- [Task objective]
An exact copy of the lines of the listing below between the "目前,广州时代趣乐部已经覆盖" line and the "A plain polished" line, both included, is the whole answer; please omit the pictures.

- [Input data]
>>>
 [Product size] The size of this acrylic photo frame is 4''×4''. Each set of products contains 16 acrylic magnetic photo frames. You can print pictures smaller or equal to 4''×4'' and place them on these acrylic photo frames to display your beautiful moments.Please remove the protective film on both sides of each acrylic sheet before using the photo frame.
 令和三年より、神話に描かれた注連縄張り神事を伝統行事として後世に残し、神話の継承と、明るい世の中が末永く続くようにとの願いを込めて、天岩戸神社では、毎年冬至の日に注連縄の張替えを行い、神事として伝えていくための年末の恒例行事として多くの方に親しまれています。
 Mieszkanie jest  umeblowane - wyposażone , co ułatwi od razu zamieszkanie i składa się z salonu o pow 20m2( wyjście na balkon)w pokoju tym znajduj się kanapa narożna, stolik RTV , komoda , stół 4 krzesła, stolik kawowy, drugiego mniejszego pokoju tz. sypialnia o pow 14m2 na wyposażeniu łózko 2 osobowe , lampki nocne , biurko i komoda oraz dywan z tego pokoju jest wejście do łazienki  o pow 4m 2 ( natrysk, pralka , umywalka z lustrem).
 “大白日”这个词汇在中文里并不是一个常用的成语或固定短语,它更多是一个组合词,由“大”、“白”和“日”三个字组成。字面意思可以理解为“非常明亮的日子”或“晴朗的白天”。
<<<
>>>
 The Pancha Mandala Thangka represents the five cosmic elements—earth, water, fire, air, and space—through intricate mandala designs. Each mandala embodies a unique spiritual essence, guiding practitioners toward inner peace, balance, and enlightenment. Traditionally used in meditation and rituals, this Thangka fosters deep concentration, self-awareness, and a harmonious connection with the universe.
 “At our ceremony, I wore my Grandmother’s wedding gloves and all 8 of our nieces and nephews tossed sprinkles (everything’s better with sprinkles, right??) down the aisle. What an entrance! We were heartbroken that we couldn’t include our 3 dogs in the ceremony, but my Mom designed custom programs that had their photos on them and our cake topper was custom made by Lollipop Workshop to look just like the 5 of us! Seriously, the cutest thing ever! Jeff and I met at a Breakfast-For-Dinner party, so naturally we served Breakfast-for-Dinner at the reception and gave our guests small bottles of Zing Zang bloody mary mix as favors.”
<<<
>>>
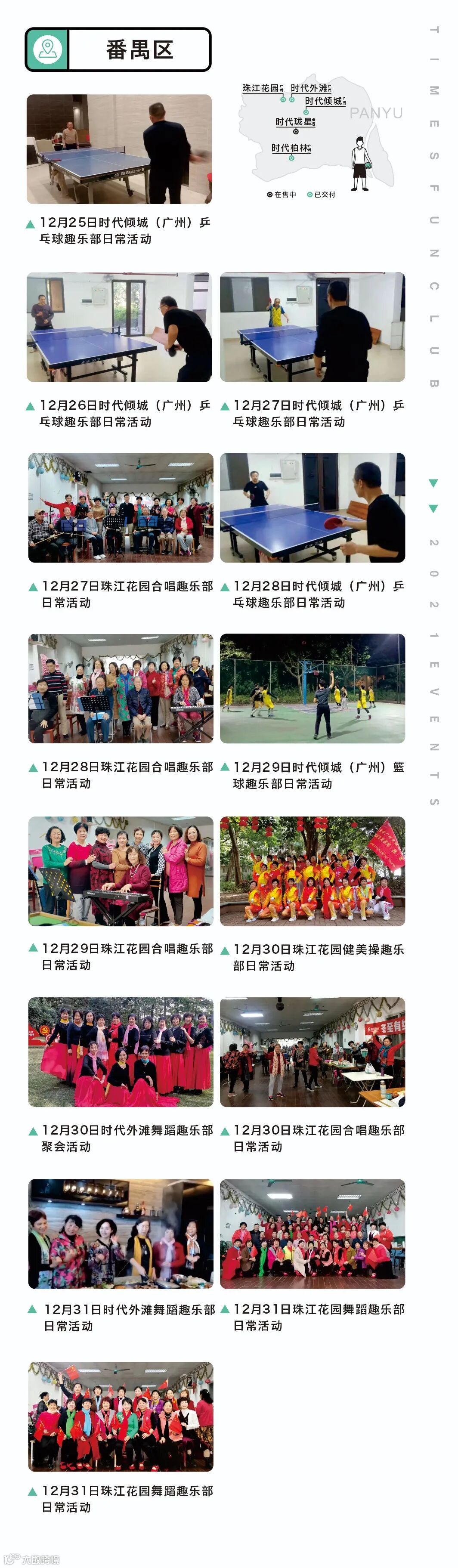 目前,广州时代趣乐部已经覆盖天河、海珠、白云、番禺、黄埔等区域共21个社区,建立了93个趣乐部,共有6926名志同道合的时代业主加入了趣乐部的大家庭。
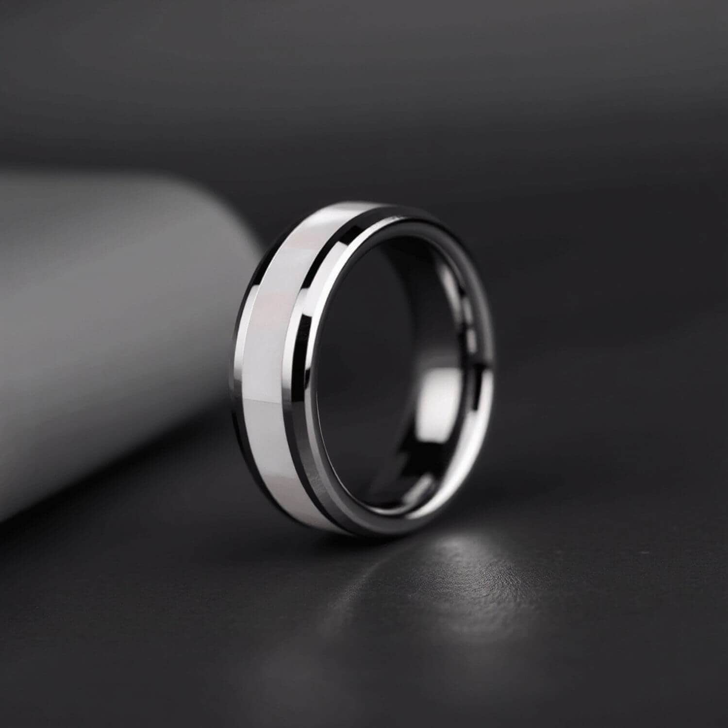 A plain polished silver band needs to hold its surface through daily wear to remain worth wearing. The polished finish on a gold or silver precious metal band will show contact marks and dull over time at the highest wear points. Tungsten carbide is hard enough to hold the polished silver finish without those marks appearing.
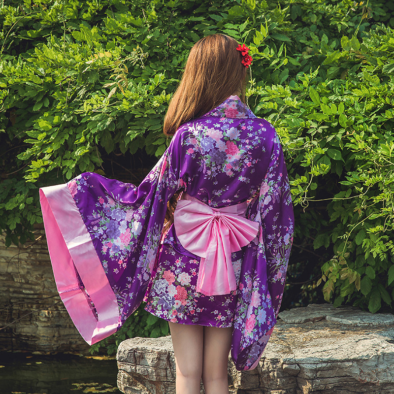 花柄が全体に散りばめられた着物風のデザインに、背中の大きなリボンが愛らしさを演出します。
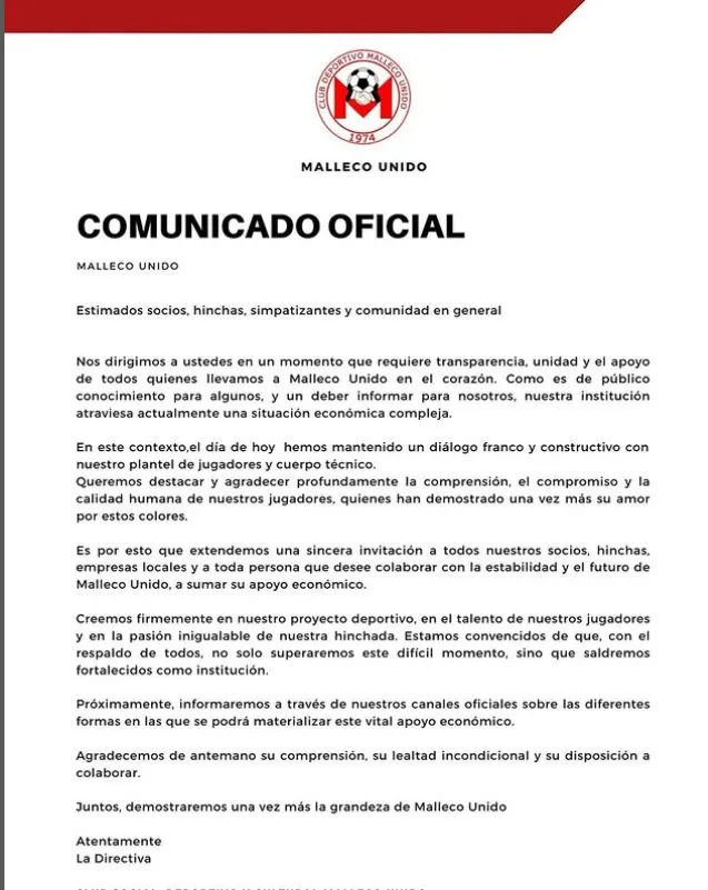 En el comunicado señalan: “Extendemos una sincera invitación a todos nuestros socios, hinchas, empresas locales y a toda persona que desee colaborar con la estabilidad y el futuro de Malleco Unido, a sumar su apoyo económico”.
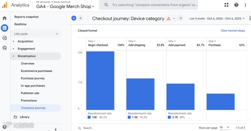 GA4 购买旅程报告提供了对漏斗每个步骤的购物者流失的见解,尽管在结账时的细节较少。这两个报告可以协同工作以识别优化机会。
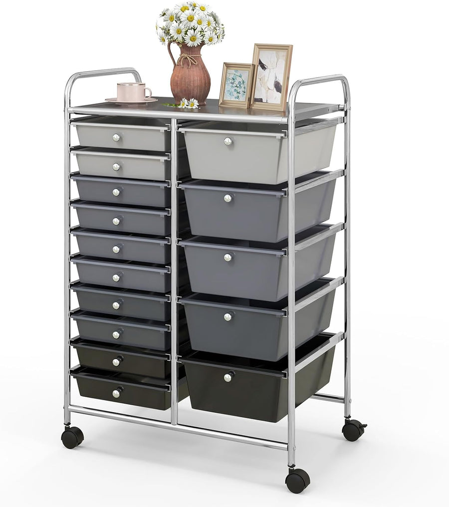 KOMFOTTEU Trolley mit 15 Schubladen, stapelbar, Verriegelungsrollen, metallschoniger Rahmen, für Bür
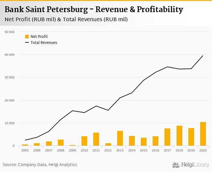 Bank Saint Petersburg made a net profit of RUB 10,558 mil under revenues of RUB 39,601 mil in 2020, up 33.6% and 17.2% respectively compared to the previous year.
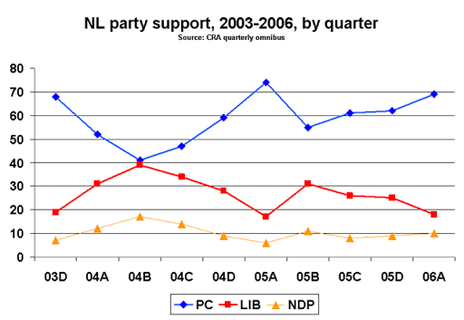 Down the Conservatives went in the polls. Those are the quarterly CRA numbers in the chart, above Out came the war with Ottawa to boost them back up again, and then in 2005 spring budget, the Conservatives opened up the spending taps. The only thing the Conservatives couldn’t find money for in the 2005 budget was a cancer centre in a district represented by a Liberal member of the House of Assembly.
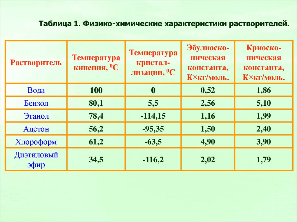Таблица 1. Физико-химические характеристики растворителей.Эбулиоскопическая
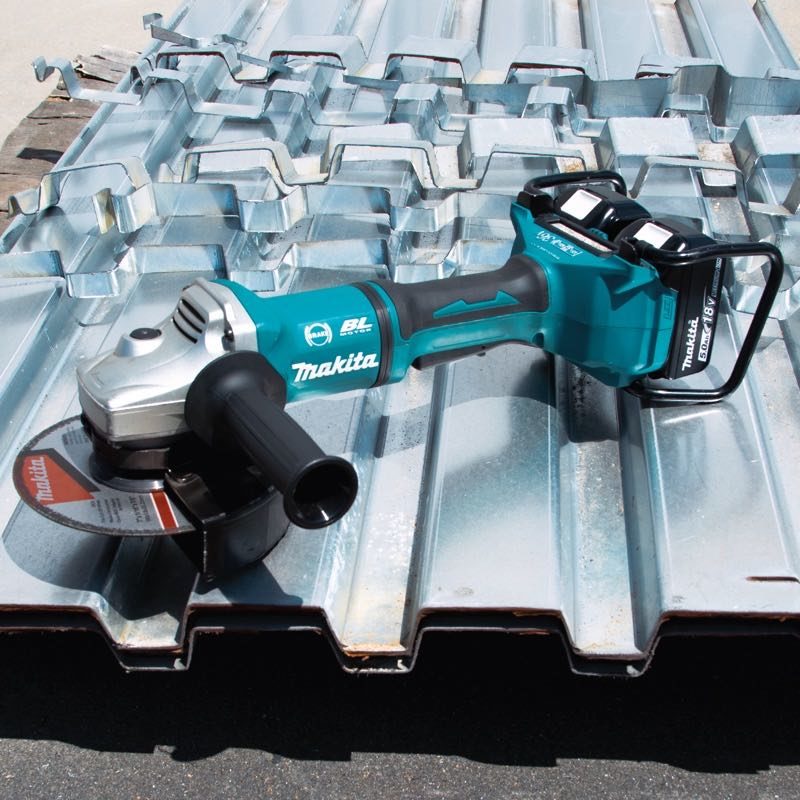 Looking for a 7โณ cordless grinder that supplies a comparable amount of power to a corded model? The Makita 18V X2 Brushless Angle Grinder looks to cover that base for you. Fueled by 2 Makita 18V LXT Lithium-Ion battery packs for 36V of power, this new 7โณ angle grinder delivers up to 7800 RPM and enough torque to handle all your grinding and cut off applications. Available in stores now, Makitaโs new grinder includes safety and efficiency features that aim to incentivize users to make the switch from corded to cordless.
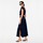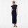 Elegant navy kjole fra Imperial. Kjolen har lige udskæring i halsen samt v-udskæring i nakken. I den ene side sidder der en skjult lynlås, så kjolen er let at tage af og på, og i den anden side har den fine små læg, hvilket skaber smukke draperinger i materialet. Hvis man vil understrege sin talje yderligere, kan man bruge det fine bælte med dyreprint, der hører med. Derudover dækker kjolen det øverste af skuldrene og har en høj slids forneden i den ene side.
<<<
- [Task solution]
 目前,广州时代趣乐部已经覆盖天河、海珠、白云、番禺、黄埔等区域共21个社区,建立了93个趣乐部,共有6926名志同道合的时代业主加入了趣乐部的大家庭。
 A plain polished silver band needs to hold its surface through daily wear to remain worth wearing. The polished finish on a gold or silver precious metal band will show contact marks and dull over time at the highest wear points. Tungsten carbide is hard enough to hold the polished silver finish without those marks appearing.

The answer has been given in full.